- Opening Delimiter -

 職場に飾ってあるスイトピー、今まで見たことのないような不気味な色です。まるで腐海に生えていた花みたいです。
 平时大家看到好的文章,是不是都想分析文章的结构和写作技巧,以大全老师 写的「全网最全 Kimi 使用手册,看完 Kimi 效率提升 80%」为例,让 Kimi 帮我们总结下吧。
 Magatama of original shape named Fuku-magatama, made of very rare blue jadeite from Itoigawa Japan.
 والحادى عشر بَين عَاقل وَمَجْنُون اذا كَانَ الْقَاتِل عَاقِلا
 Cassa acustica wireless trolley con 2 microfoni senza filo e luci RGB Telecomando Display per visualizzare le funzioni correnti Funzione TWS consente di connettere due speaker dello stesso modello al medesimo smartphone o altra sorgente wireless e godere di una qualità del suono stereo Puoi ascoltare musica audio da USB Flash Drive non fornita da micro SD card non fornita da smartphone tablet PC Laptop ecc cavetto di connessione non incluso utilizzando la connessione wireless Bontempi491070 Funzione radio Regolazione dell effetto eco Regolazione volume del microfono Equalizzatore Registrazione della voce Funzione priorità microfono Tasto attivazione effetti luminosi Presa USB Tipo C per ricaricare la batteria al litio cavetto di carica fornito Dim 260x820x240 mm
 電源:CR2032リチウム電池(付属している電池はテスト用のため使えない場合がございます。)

- Closing Delimiter -
- Opening Delimiter -

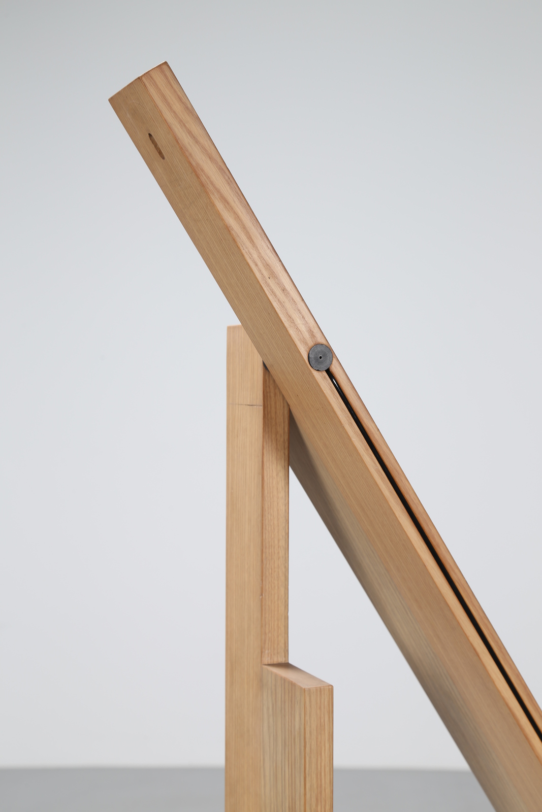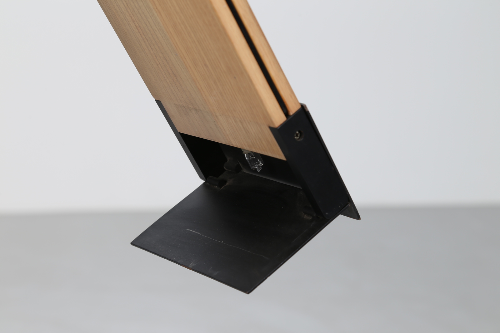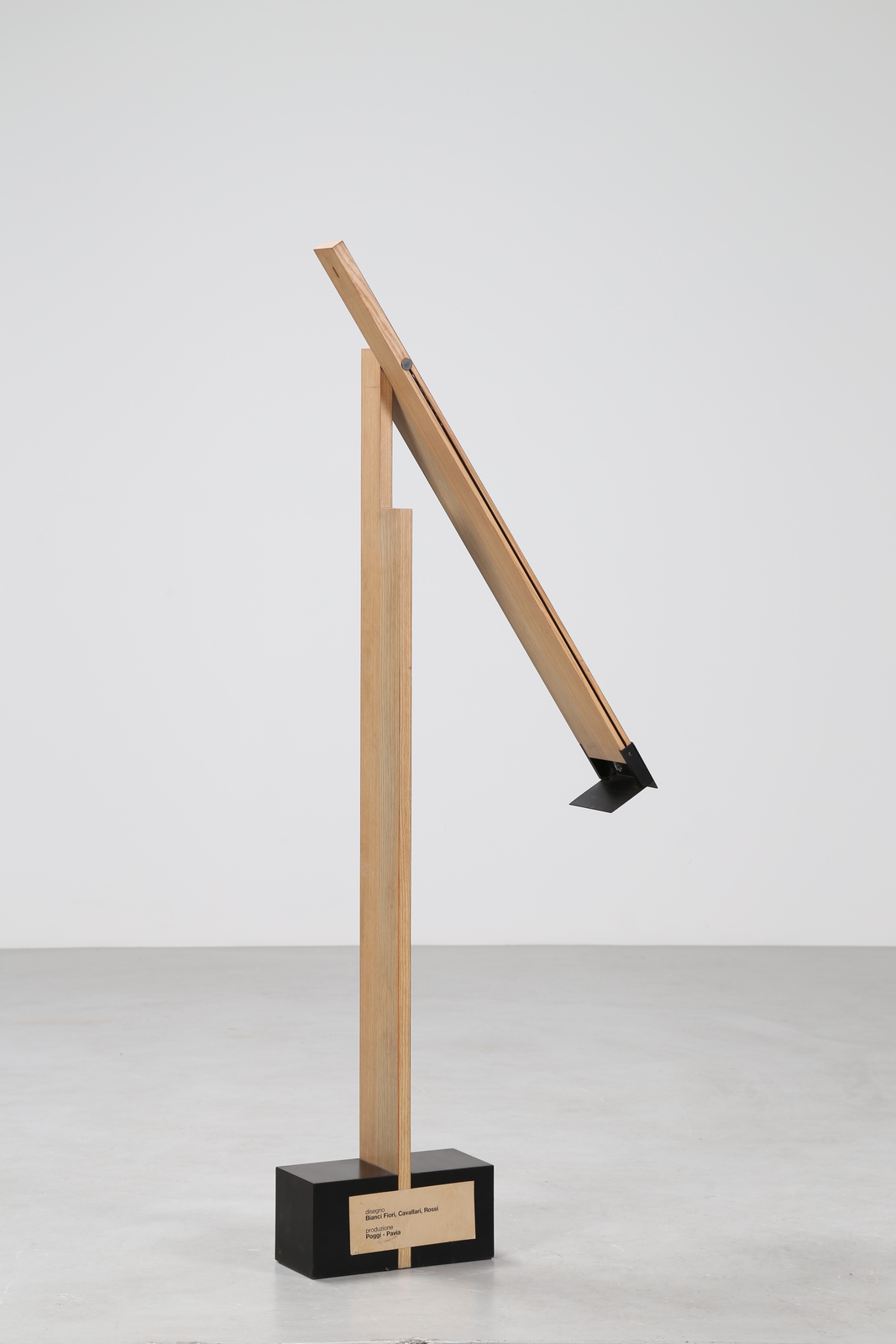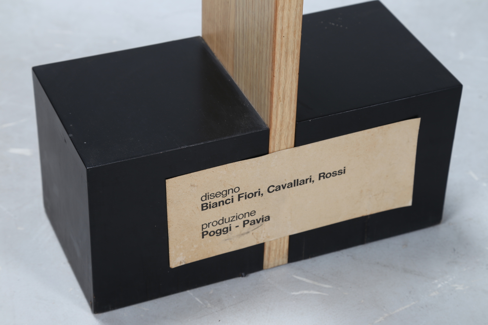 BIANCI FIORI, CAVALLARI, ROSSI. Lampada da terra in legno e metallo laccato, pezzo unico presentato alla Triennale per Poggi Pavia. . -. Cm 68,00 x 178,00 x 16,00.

- Closing Delimiter -
- Opening Delimiter -

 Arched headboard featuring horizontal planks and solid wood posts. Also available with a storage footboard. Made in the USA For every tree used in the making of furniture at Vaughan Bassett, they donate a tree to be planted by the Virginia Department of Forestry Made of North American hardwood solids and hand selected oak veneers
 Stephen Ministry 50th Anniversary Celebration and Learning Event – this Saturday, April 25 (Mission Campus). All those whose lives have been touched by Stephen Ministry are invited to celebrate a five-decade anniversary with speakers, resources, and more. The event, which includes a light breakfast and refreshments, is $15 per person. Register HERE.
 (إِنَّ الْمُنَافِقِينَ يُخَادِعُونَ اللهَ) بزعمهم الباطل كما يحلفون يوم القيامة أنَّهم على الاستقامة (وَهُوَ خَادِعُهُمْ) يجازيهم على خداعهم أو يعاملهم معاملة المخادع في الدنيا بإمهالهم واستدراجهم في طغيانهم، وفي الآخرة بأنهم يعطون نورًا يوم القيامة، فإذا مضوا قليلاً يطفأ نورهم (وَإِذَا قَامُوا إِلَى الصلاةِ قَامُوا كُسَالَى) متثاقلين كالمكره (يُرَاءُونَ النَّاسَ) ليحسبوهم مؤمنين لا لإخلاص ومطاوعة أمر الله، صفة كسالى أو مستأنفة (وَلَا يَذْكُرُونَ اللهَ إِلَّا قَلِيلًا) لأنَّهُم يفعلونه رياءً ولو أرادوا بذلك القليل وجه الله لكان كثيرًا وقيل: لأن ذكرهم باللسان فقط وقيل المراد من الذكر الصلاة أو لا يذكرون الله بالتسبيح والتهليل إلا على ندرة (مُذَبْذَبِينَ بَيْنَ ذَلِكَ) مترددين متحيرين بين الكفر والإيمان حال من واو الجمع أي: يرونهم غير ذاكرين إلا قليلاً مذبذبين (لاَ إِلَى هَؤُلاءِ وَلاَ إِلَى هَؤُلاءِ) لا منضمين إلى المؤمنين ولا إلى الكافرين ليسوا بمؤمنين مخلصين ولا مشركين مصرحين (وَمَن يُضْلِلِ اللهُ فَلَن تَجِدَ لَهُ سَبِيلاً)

- Closing Delimiter -

**Aim of the task**
A word-for-word copy of the lines above from the one with "Arched headboard featuring" through the one with "(إِنَّ الْمُنَافِقِينَ يُخَادِعُونَ", inclusive, is the only output wanted.

**Solution below**
 Arched headboard featuring horizontal planks and solid wood posts. Also available with a storage footboard. Made in the USA For every tree used in the making of furniture at Vaughan Bassett, they donate a tree to be planted by the Virginia Department of Forestry Made of North American hardwood solids and hand selected oak veneers
 Stephen Ministry 50th Anniversary Celebration and Learning Event – this Saturday, April 25 (Mission Campus). All those whose lives have been touched by Stephen Ministry are invited to celebrate a five-decade anniversary with speakers, resources, and more. The event, which includes a light breakfast and refreshments, is $15 per person. Register HERE.
 (إِنَّ الْمُنَافِقِينَ يُخَادِعُونَ اللهَ) بزعمهم الباطل كما يحلفون يوم القيامة أنَّهم على الاستقامة (وَهُوَ خَادِعُهُمْ) يجازيهم على خداعهم أو يعاملهم معاملة المخادع في الدنيا بإمهالهم واستدراجهم في طغيانهم، وفي الآخرة بأنهم يعطون نورًا يوم القيامة، فإذا مضوا قليلاً يطفأ نورهم (وَإِذَا قَامُوا إِلَى الصلاةِ قَامُوا كُسَالَى) متثاقلين كالمكره (يُرَاءُونَ النَّاسَ) ليحسبوهم مؤمنين لا لإخلاص ومطاوعة أمر الله، صفة كسالى أو مستأنفة (وَلَا يَذْكُرُونَ اللهَ إِلَّا قَلِيلًا) لأنَّهُم يفعلونه رياءً ولو أرادوا بذلك القليل وجه الله لكان كثيرًا وقيل: لأن ذكرهم باللسان فقط وقيل المراد من الذكر الصلاة أو لا يذكرون الله بالتسبيح والتهليل إلا على ندرة (مُذَبْذَبِينَ بَيْنَ ذَلِكَ) مترددين متحيرين بين الكفر والإيمان حال من واو الجمع أي: يرونهم غير ذاكرين إلا قليلاً مذبذبين (لاَ إِلَى هَؤُلاءِ وَلاَ إِلَى هَؤُلاءِ) لا منضمين إلى المؤمنين ولا إلى الكافرين ليسوا بمؤمنين مخلصين ولا مشركين مصرحين (وَمَن يُضْلِلِ اللهُ فَلَن تَجِدَ لَهُ سَبِيلاً)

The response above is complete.